5.  By amending section 488-5 to read:

     "§488-5  Annual exhibits; examination by [director.] commissioner.  (a)  Each plan shall file with the [director of commerce and consumer affairs] commissioner within [thirty] sixty days after the end of its fiscal year [a statement under oath in such form as the director prescribes containing:

     (1)  A statement setting forth the total amount of gross receipts and expenditures of the plan during its fiscal year;

     (2)  The assets and liabilities of the plan at the close of its fiscal year; and

     (3)  The profit and loss of the plan during its fiscal year.]

an income statement and balance sheet compiled, reviewed, or audited by a certified public accountant.

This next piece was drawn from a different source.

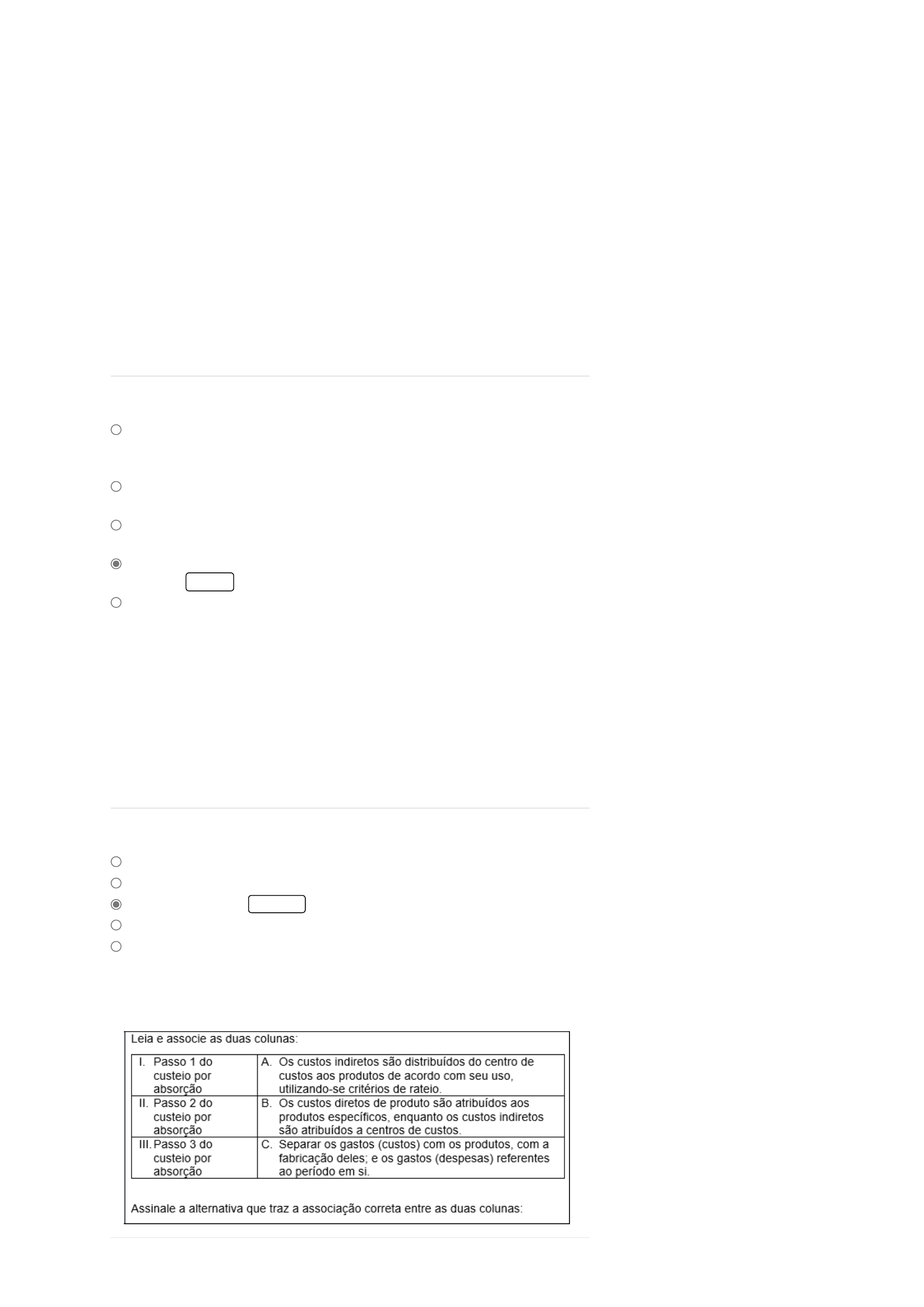 15/11/2022 16:34 Cosmos · Cosmos https://kroton.platosedu.io/lms/m/aluno/disciplina/index/2747327/5516395 1/4 Contabilidade gerencial Professor(a): Nelson Bueno de Oliveira (Mestrado acadêmico) 1) 2) 3) Prepare-se! Chegou a hora de você testar o conhecimento adquirido nesta disciplina. A Avaliação Virtual (AV) é composta por questões objetivas e corresponde a 100% da média final. Você tem até cinco tentativas para “Enviar” as questões, que são automaticamente corrigidas. Você pode responder as questões consultando o material de estudos, mas lembre-se de cumprir o prazo estabelecido. Boa prova! Sobre o custeio ABC (Activity Based Costing), pode-se afirmar o seguinte. “O custeio ABC ao analisar a cadeia de valor do produto rastreia os custos, sejam eles fixos ou variáveis, no intuito de reduzir o máximo possível a classificação de custos como indiretos. Logo, o custeio ABC se propõe a tornar os gastos, no máximo possível, classificados como se fossem custos diretos alocados aos produtos, reduzindo-se, como se disse, a subjetividade, julgamento e arbitramento no cálculo de custos.” Tendo em vista isso, assinale a alternativa que NÃO contém uma afirmação verdadeira sobre o custeio ABC. Alternativas: Código da questão: 56636 O custeio ABC analisa as __________ e os processos de fabricação que se utilizam dessas atividades. Assim, permite aos gestores visualizar as causas geradoras de custos e evidenciar __________, tais como processos desnecessários ou injustificadamente caros, que não agregam __________ ao produto. Assinale a alternativa que completa adequadamente as lacunas acima: Alternativas: Código da questão: 56632 Alternativas: O custeio ABC descreve as atividades realizadas em uma empresa e calcula o seu custo, que depois será alocado aos produtos, dependendo da utilização dessa mesma atividade O custeio ABC reduz a subjetividade, julgamento e arbitramento do cálculo de custos, em comparação ao custeio por absorção e ao custeio variável. O custeio ABC diagnostica as atividades praticadas pela empresa e que atividades são demandadas pelos produtos em sua fabricação. O custeio ABC contempla procedimentos como o de rateio de custos indiretos aos produtos. CORRETO O custeio ABC investiga todos os custos e até mesmo algumas despesas que suportem as atividades. Atividades; Ineficiências; Valor. Falhas; Pontos fortes; Design. Falhas; Rateios; Valor. INCORRETO Atividades; Eficiências; Design. Atividades; Rateios; Valor. 15/11/2022 16:34 Cosmos · Cosmos https://kroton.platosedu.io/lms/m/aluno/disciplina/index/2747327/5516395 2/4 4) 5) 6) Código da questão: 56620 A _____________ pode ser conceituada como o conjunto de princípios, procedimentos e métodos oriundos das ciências de Administração, Economia, Psicologia, Estatística e Contabilidade, entre outras, que se ocupam da gestão econômica das empresas, com o fim de orientá-las para a ____________. Assinale a alternativa que completa adequadamente as lacunas acima: Alternativas: Código da questão: 56611 Sobre a contabilidade gerencial e o planejamento estratégico, podemos afirmar que: I. A contabilidade gerencial se utiliza de informações geradas pela contabilidade financeira ou societária e pela contabilidade de custos. II. Há uma atuação estratégica da controladoria, no sentido de o sucessivo atingimento das metas orçamentárias conduzir a entidade ao atingimento dos objetivos do longo prazo. III. A atividade de orçamento empresarial pode ser desenvolvida independentemente do planejamento estratégico. IV. A atividade de orçamento empresarial pode ser desenvolvida sem a utilização de informações geradas pela contabilidade gerencial. V. O ambiente competitivo contemporâneo demanda acuidade, perspicácia e sensibilidade dos sistemas corporativos de contabilidade gerencial em poder captar tendências do ambiente. São verdadeiras: Alternativas: Código da questão: 56614 I-B; II-A; III-C. INCORRETO I-C; II-A; III-B. I-C; II-B; III-A. I-B; II-C; III-A. I-A; II-B; III-C. Auditoria; Sustentabilidade. Controladoria; Eficácia. CORRETO Tesouraria; Sustentabilidade. Diretoria comercial; Vendas. Diretoria de marketing; Eficácia. I - II - V. CORRETO III - IV. I - III. I - II - III - IV - V. I - II - IV. 15/11/2022 16:34 Cosmos · Cosmos https://kroton.platosedu.io/lms/m/aluno/disciplina/index/2747327/5516395 3/4 7) 8) 9) Alternativas: Código da questão: 56634 Sobre os conceitos de custos, considere as seguintes afirmações: ( ) As empresas podem definir seus preços apenas de acordo com os custos incorridos, não sendo importante a referência dos preços praticados pelos concorrentes no mercado em que atuam. ( ) O conhecimento dos custos é vital para saber se, dado o preço praticado no mercado, o produto é rentável. ( ) O conhecimento dos custos é vital para saber se é possível otimizar os custos, para viabilizar o lançamento de um produto, caso o preço praticado no mercado seja menor do que os custos a incorrer. Assinale a alternativa que contenha a sequência correta: Alternativas: Código da questão: 56619 O custeio variável ou custeio direto é o sistema de custos que considera custo de produção de um período apenas os custos __________ ou __________ incorridos, não se apropriando, como custos, os custos fixos, os quais são tratados como se fossem __________ do período. Assinale a alternativa que completa adequadamente as lacunas acima: Alternativas: Código da questão: 56625 Os custos diretos são custos diretamente apropriados ou imputáveis aos produtos, sendo necessário haver uma medida de consumo. Os custos indiretos não podem ser estimados com base em seu consumo por produto, objetivamente, logo, sua alocação é feita por critérios de rateio. Por sua vez, os custos fixos independem do volume produzido e os custos variáveis dependem do volume de atividade numa unidade de tempo. As expressões fixos e variáveis são uma classific

     (b)  The powers, authorities, and duties relating to examinations vested in and imposed upon the [insurance] commissioner under chapter 431 [are extended to and imposed upon the director in] apply with respect to examinations of [the] plans[;] subject to this section; provided that no examination shall attempt to obtain or inspect written or oral information or documents in violation of the rules for client-lawyer confidentiality as contained in the Hawaii rules of professional conduct adopted by the supreme court."
     6.  By amending section 488-7 to read:

"[[]488-7[]]  Failure to comply; penalty.  (a)  Any plan [which] that neglects or refuses to comply with this chapter shall be notified in writing by the [director of commerce and consumer affairs] commissioner of the neglect or refusal, and of the need to take corrective action[; if] within seven days.  If the neglect or refusal continues for seven days after notification, the plan, group, or plan administrator may be fined not more than $1,000.  Every day's neglect or refusal after the expiration of seven days shall be a separate offense.

(b)  The commissioner may deny, suspend, revoke, or refuse to approve any plan or plan amendments and may levy civil penalties as allowed by chapters 431, 432, 480, 481A, 481B, and 481C, and any other applicable law for any violation of this chapter."

     SECTION 2.  Statutory material to be repealed is bracketed and stricken.  New statutory material is underscored.

SECTION 3.  This Act shall take effect on July 1, 2010.



Report Title:

Prepaid Legal Services Plans

 

Description:

Updates regulation of prepaid legal services plans.  (SB2701 HD1)

 

 

 

The summary description of legislation appearing on this page is for informational purposes only and is not legislation or evidence of legislative intent.